[What is needed]
Below are entries. Reproduce exactly the lines between the line holding "Elevate your style" and the line holding "Quarter is the", inclusive, and only those.
(Given entries begins)
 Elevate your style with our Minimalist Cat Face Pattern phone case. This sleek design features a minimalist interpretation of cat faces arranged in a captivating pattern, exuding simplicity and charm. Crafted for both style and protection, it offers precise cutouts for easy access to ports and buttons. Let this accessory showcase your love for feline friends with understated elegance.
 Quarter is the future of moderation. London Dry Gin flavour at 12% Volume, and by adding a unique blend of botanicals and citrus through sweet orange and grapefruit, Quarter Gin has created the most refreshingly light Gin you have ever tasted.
(Given entries ends)
(Given entries begins)
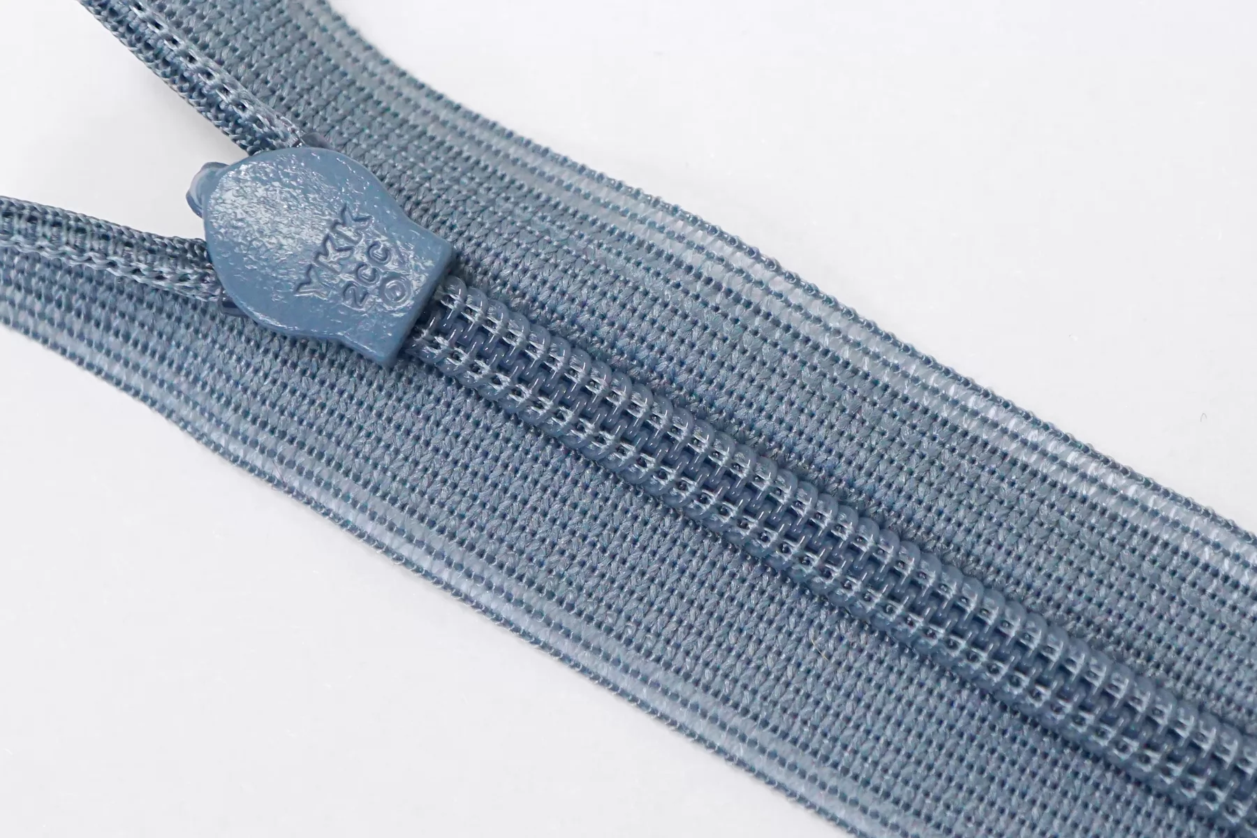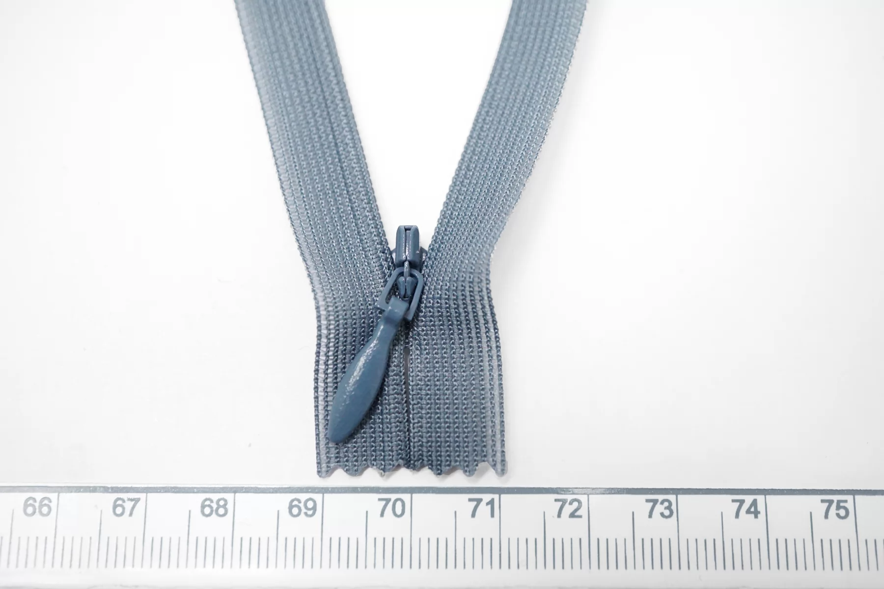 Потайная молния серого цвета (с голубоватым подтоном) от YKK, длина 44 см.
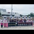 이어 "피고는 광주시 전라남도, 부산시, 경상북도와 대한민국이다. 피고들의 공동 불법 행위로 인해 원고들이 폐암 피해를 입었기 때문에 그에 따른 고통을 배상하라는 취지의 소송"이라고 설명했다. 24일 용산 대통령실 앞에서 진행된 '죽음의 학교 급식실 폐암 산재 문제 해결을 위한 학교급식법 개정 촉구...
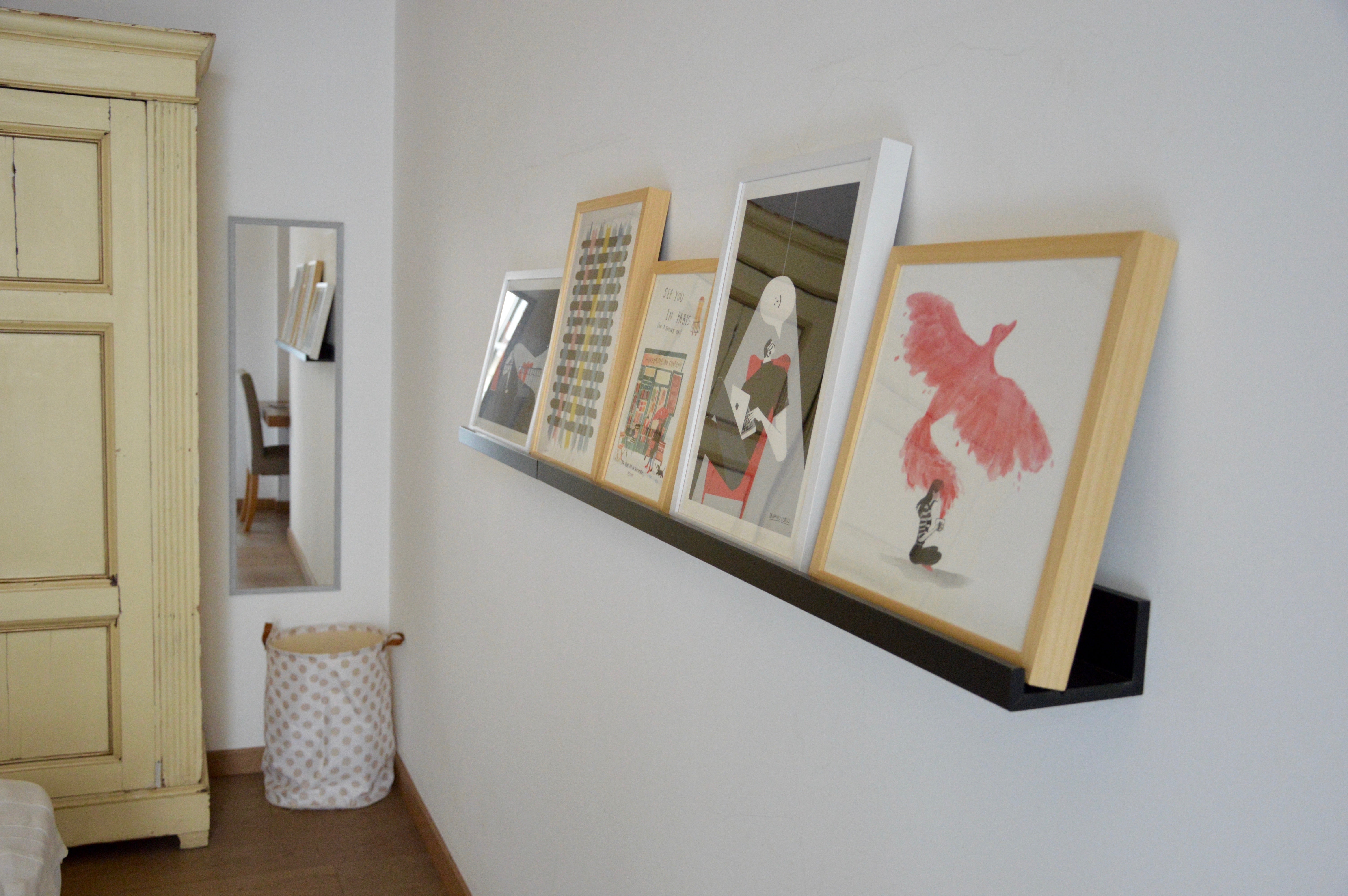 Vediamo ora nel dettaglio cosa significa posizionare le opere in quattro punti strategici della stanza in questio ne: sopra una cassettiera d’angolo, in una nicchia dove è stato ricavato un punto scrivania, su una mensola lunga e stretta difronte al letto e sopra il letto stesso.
(Given entries ends)
[Response]
 Elevate your style with our Minimalist Cat Face Pattern phone case. This sleek design features a minimalist interpretation of cat faces arranged in a captivating pattern, exuding simplicity and charm. Crafted for both style and protection, it offers precise cutouts for easy access to ports and buttons. Let this accessory showcase your love for feline friends with understated elegance.
 Quarter is the future of moderation. London Dry Gin flavour at 12% Volume, and by adding a unique blend of botanicals and citrus through sweet orange and grapefruit, Quarter Gin has created the most refreshingly light Gin you have ever tasted.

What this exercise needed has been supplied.